Thursday, 22 July 2010

Forums for a change

Something else I need to research is a forum. A colleague at an institution I work with has suggested that we should have one for distance learning students. Now forums, or fora I suppose, have been around for a while but the only ones I've actually found useful myself have been those I've been taken to by Google when trying to find answers to something like why I'm getting strange messages on my laptop or how to focus the viewer display on a digital camera.

You know you're in a forum because most contributors have strange names and even stranger icons next to them. They either know absolutely everything or are asking simple questions. There seem few in the middle. The answers and links often provided are usually jolly good and have to date either reassured me that I needn't worry about something or provided a pretty quick answer confirming that I should. Very seldom have I ever had to post a new query and most of the ones I've visited I never joined anyway.

You also know you're in a forum because whoever designed it was rather better at php code than designing things.
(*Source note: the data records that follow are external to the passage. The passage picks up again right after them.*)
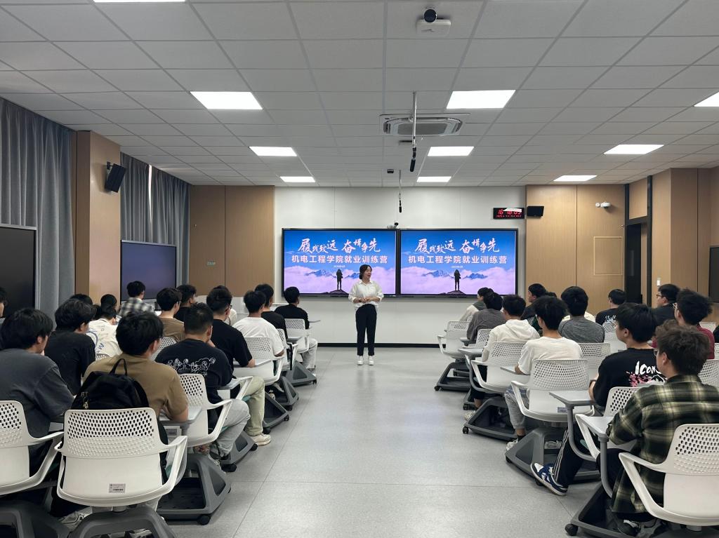 为加强2026届学生对就业形势的了解,提升学生就业竞争力,助力大学生高质量充分就业,机电院特打造就业训练营系列活动。2025年4月15日下午,机电院邀请海尔智家西南区域招聘负责人周徐作为主讲嘉宾,以“就业那些事儿”为主题,从企业的视角对就业形势和求职准备等进行了讲解与指导。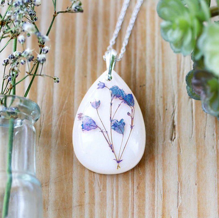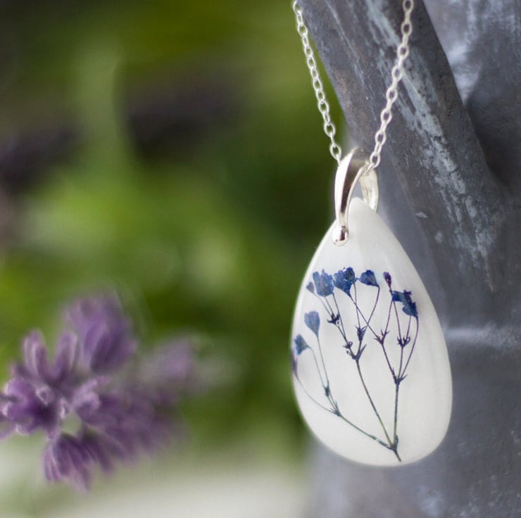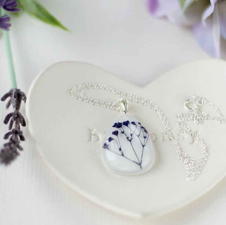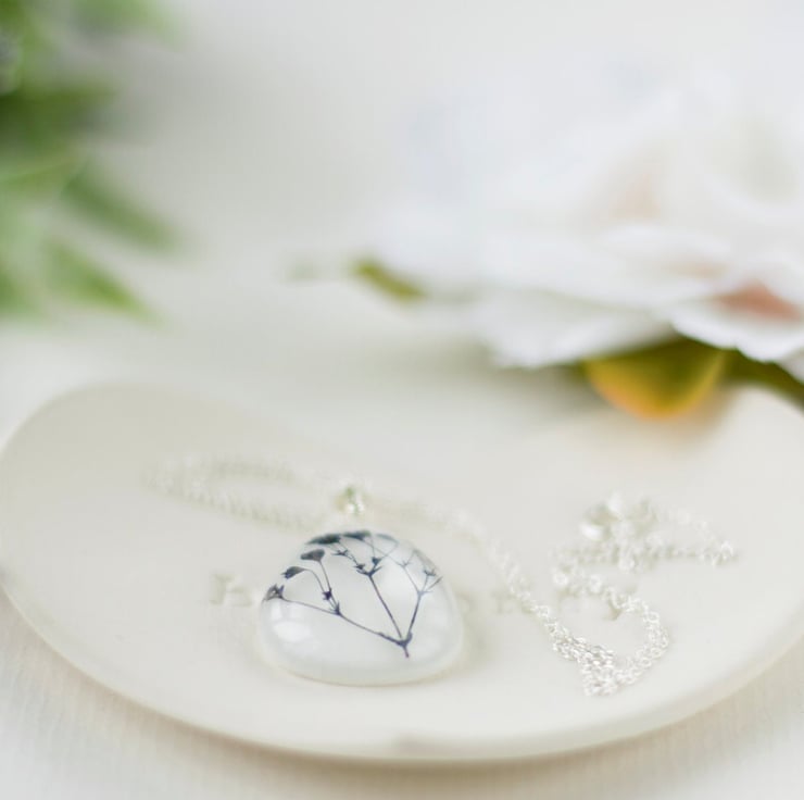 A sprig of real Gypsophila - also known as "Baby Breath" - on a pure white background... Baby Breath is one of the most delicately beautiful flowers. Gypsophila flowers are tiny, and so very pretty. They're known for being used in wedding bouquets in pure white; we hand dye a lot of ours to make beautifully bright, gentle jewellery.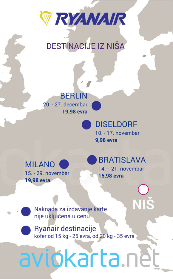 Od ove godine Niš je direktno spojen sa 9 evropskih gradova od kojih 5 povezuje Wizz Air, a 4 povezuje Ryanair. Cene se kreću uglavnom oko 50ak evra za povratnu kartu, sa uključenim samo malim kabinskim prtljagom u cenu, dok se kofer doplaćuje, iznose za doplatu smo naveli na mapi.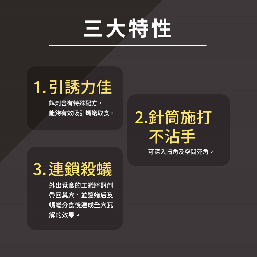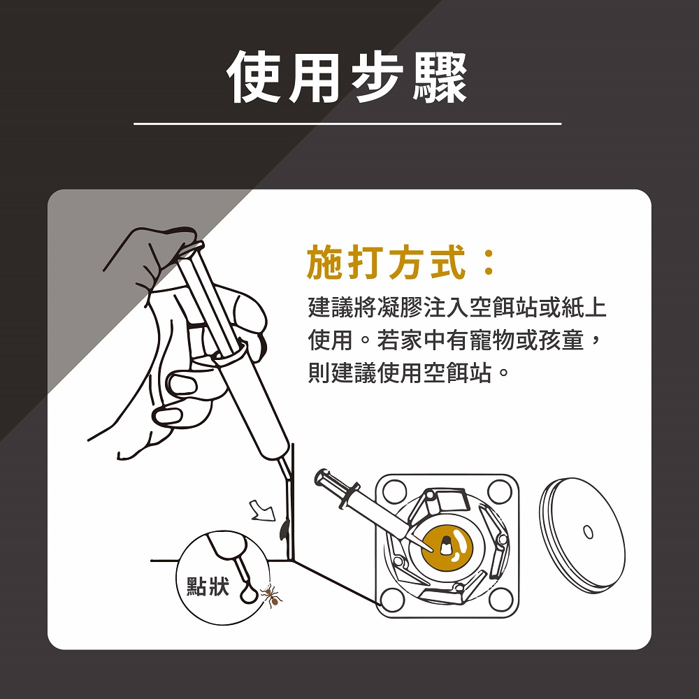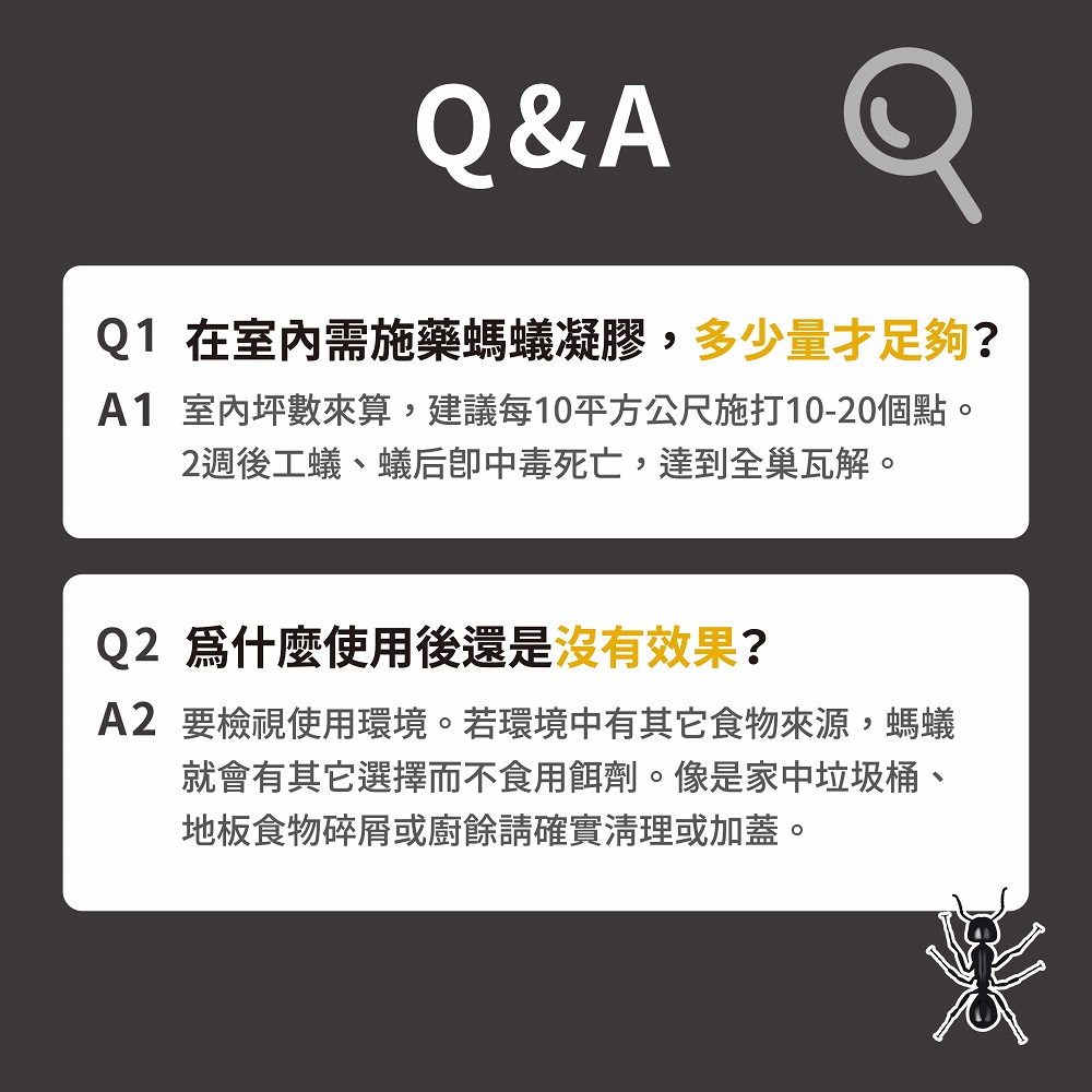 2. 本品為緩效性餌劑,施用約兩週後逐漸看不到螞蟻出沒。

Nearly all comprise streams of verdana stretching across the wide screen with shades of grey or lime green separating entries. There's little clue on the page to where you actually are in many cases either.

An exception used to be Lefora, with nicely laid out pages and templates you could use to create your own forum. I used these a lot once but because there were inactive for a period they were archived and now I'd need to start all over again to retrieve them. That says it all, really, no-one participated much in them. They could contact me in all sorts of other ways and the material I published there was essentially stuff I'd already written and published elsewhere too so it would only have been interaction between members that would actually have created any original content.
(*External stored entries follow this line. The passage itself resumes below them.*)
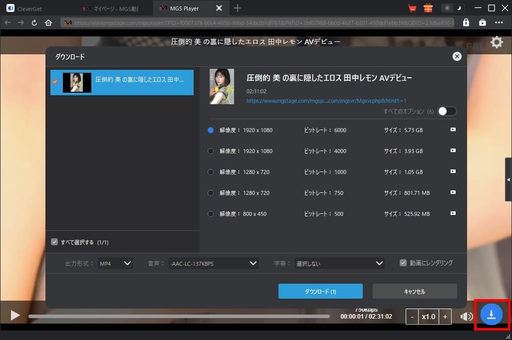 MP4/MKV形式でMGS動画を変換ダウンロード可能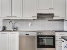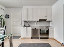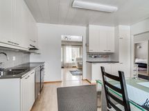 Kaapistot, keraaminen liesi, jää- ja pakastekaappi, astianpesukone. Keittiön lattiapinta on laminaattia ja seinäpinnat on maalattu.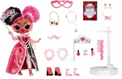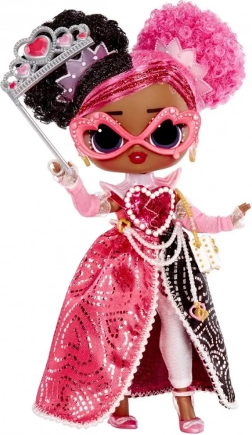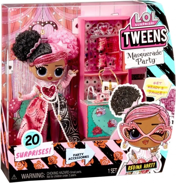 La bambola L.O.L. Surprise Tweens Regina Hartt sfoggia uno stile audace rosa e nero con perle, cuoricini e dettagli scintillanti. È pronta a brillare al ballo in maschera e conquisterà tutte le amanti degli accessori moda, travestimenti e styling.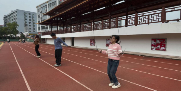 本次比赛设有团体跳绳和单人跳绳两个项目。团体跳绳极大地考验了同学们之间的协作能力。赛场上,队员们齐心协力,绳子在空中有节奏地飞舞,每一次成功的跳跃都伴随着团队成员们的齐声呐喊,那是青春活力与团队精神的完美融合。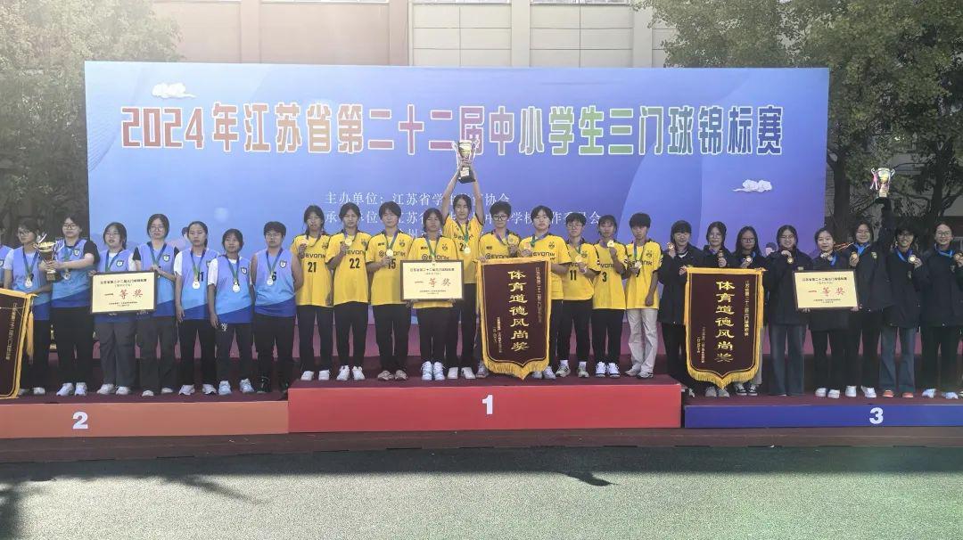 10月20日,江苏省第二十二届中小学生三门球锦标赛在徐州市铜山中学圆满收官。江阴市青阳中学女子三门球队经过激烈比拼,以全胜的成绩,荣获高中女子组冠军,并被授予“体育道德风尚奖”。

In some fields I am sure such interaction could occur and be encouraged so I'm not against the idea. I just don't see myself doing any more with forums in the future than I've done to date. Pop in when I need something and then move on. That doesn't help with research, though, so I am going to try very hard to keep an open mind and see what I can come up with.
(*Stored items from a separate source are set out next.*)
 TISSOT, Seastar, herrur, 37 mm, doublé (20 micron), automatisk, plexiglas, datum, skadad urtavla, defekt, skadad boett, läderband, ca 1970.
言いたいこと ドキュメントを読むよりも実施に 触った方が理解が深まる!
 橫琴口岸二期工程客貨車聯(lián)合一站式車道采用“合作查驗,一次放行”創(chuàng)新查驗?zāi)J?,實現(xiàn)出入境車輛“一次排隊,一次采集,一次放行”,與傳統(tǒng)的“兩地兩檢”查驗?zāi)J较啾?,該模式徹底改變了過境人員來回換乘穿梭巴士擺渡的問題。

Facebook pages have a lot to recommend them for some groups of students who would feel completely at home in the environment. That's one option. Another is LinkedIn which I have joined but done little with since. It could be the answer for the more adult types we're likely to be dealing with. I shall also take a fresh look at Lefora and PBworks, the excellent wiki application. Zoho might do something too. I seem to recall that their suite of applications dwarfed the might Microsoft's mainstream list - and Zoho's are free.

I do have this feeling, though, that whatever we created will have a burst of activity for a few weeks and then people will just e-mail each other or their tutor as they've done to date. We'll see.